From my testing, I have found that these lines (found here)
for k, v in sorted(params.items()):
s += k + v
ignore the duplicate keys and only adds the first key in the dictionary. E.g. we have the above, it will only add Field_number_Value6
to s
.
Yet again this is also not the issue as I've tried to add a key for each value and it still produces invalid signature, but it is where the logic is differing from Twilio's servers.
Technical details:
- twilio-python version: 7.11.0
- python version: 3.6.8
This issue has been added to our internal backlog to be prioritized.

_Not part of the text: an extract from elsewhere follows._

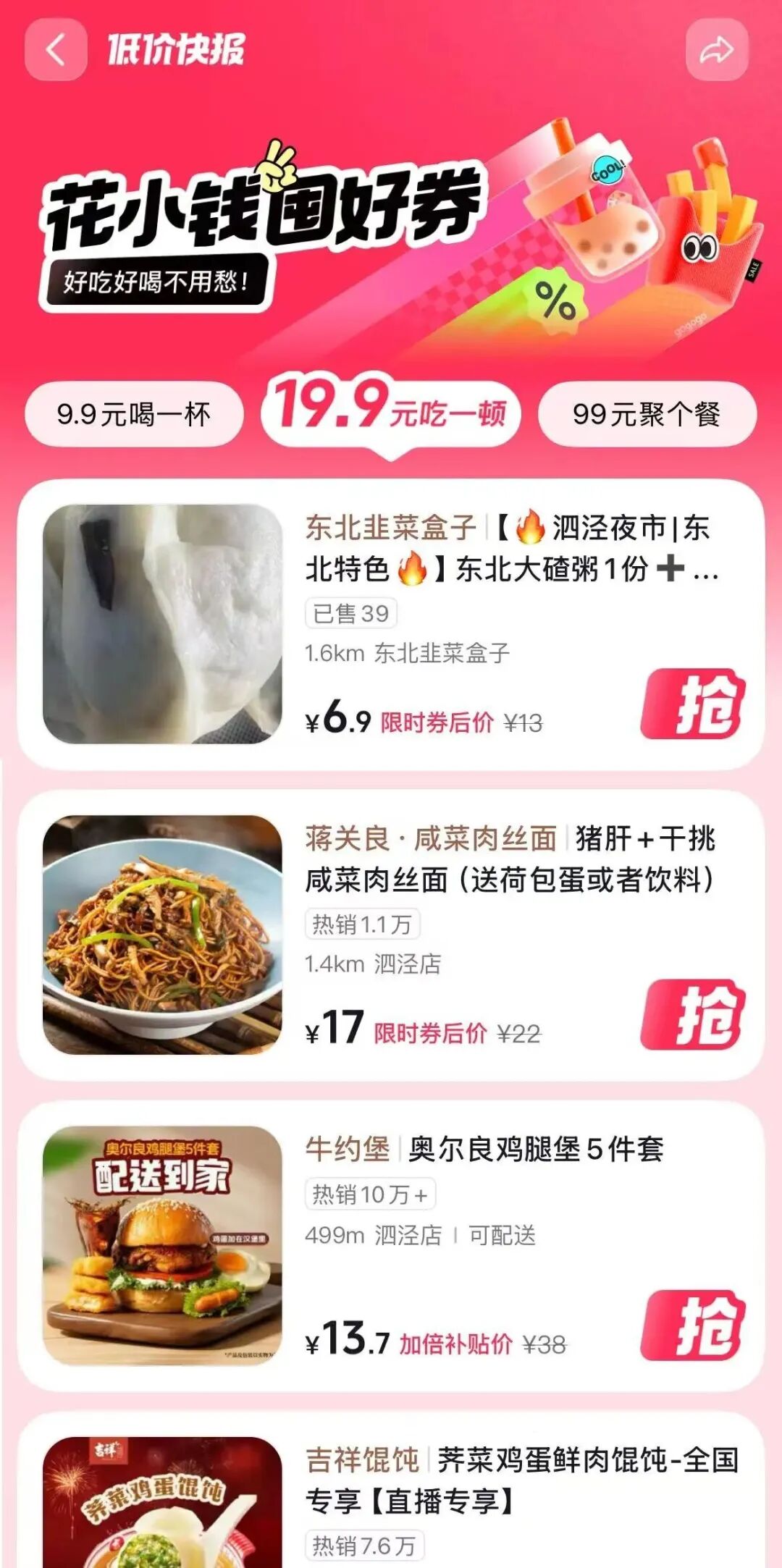 打開App,只有簡(jiǎn)單粗暴的“9.9喝一杯”“19.9吃一頓”和周邊的一些美食列表。非常簡(jiǎn)潔,效率很高。

Pull requests and +1s on the issue summary will help it move up the backlog (ref: DI-1002).
Hi there,
I have been able to figure out how the parameters should be formatted to produce a valid signature.
So given ('Field_number_Value', '6'), ('Field_number_Value', '4'), ('Field_number_Value', '1')
we must turn it into
Field_number_Value3Field_number_Value4Field_number_Value6
, where the values are sorted lexically, so if you have the values 43, 24 and 9 should be turned into Field_number_Value24Field_number_Value43Field_number_Value9
Hi, we have since found another edge case this doesn't work with the fix. When some parameters are the same e.g. 9 hi 9 hi 9
or 8 hi 9 hi 9
, it seems we get a signature which is created from a list of parameters which are uniq, so we don't have duplicate 9
's. However please test this a bit more as I haven't been able to fully test the theory.